Machine Learning Algorithms: Very sophisiticated algorithms in both supervised and unsupervised categories. Supervised include deep learning (neural networks), random forest, generalized linear model, gradient boosting machine, naive bayes, stacked ensembles, and xgboost. Unsupervised include generalized low rank models, k-means and PCA. There’s also Word2vec for text analysis. The latest stable release also has AutoML: automatic machine learning, which is really cool as we’ll see in this post!
Auxiliary ML Functionality Performance analysis and grid hyperparameter search
Production, Map/Reduce and Cloud: Capabilities for productionizing into Java environments, cluster deployment with Hadoop / Spark (Sparkling Water), deploying in cloud environments (Azure, AWS, Databricks, etc)

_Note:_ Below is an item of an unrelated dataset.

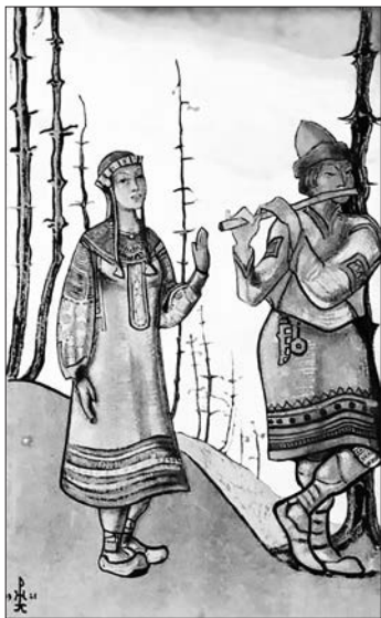
Снегурочка и Лель. 1921

Автор идеи и инициатор Пакта Рериха, основатель международных культурных движений «Мир через культуру» и «Знамя Мира». Кавалер нескольких российских и иностранных наград. В российский период жизни и творчества занимался археологией, коллекционированием, как художник успешно выставлялся, участвовал в проектировании и росписи церквей, работал директором школы Императорского общества поощрения художеств, возглавлял художественное объединение «Мир искусства», успешно работал как сценограф («Русские сезоны»), активно участвовал в проектах по защите и возрождению русской старины, в деятельности благотворительных организаций. С 1917 года жил в эмиграции. Организовал и участвовал в Центрально-Азиатской и Маньчжурской экспедициях, много путешествовал. Основал Институт Гималайских исследований «Урусвати» и более 10 культурных и образовательных учреждений и обществ в различных странах. Вёл активную общественную деятельность, был связан с политическими и экономическими проектами, имел связи с большевиками и масонством. Состоял членом многих организаций. Был женат на Елене Рерих. Имел двоих сыновей — Юрия и Святослава. С 1920-х годов в разных странах мира существуют общества и музеи Рериха. Сообщества последователей его идей и религиозно-философского учения Живой Этики (Агни-йоги) формируют рериховское движение. Идеи Рериха оказали значительное влияние на формирование и развитие нью-эйджа в России.

Sticking with the theme for the week, we’ll go over how h2o can be used for time series machine learning as an advanced algorithm. We’ll use h2o locally to develop a high accuracy time series model on the same data set (beer_sales_tbl) from the timetk and sweep posts. This is a supervised regression problem.
We’ll need three libraries today:
h2o: Awesome machine learning library
tidyquant: For getting data and loading the tidyverse behind the scenes
timetk: Toolkit for working with time series in R
IMPORTANT FOR INSTALLING H2O
For h2o, you must install the latest stable release. Select H2O » Latest Stable Release » Install in R. Then follow the instructions exactly.
Installing Other Packages
If you haven’t done so already, install the timetk and tidyquant packages:
It’s a good idea to visualize the data so we know what we’re working with. Visualization is particularly important for time series analysis and forecasting, and it’s a good idea to identify spots where we will split the data into training, test and validation sets.
Now that you have a feel for the time series we’ll be working with today, let’s move onto the demo!
DEMO: h2o + timetk, Time Series Machine Learning
We’ll follow a similar workflow for time series machine learning from the timetk + linear regression post on Tuesday. However, this time we’ll swap out the lm() function for h2o.autoML() to get superior accuracy!
Time Series Machine Learning
Time series machine learning is a great way to forecast time series data, but before we get started here are a couple pointers for this demo:
Key Insight: The time series signature ~ timestamp information expanded column-wise into a feature set ~ is used to perform machine learning.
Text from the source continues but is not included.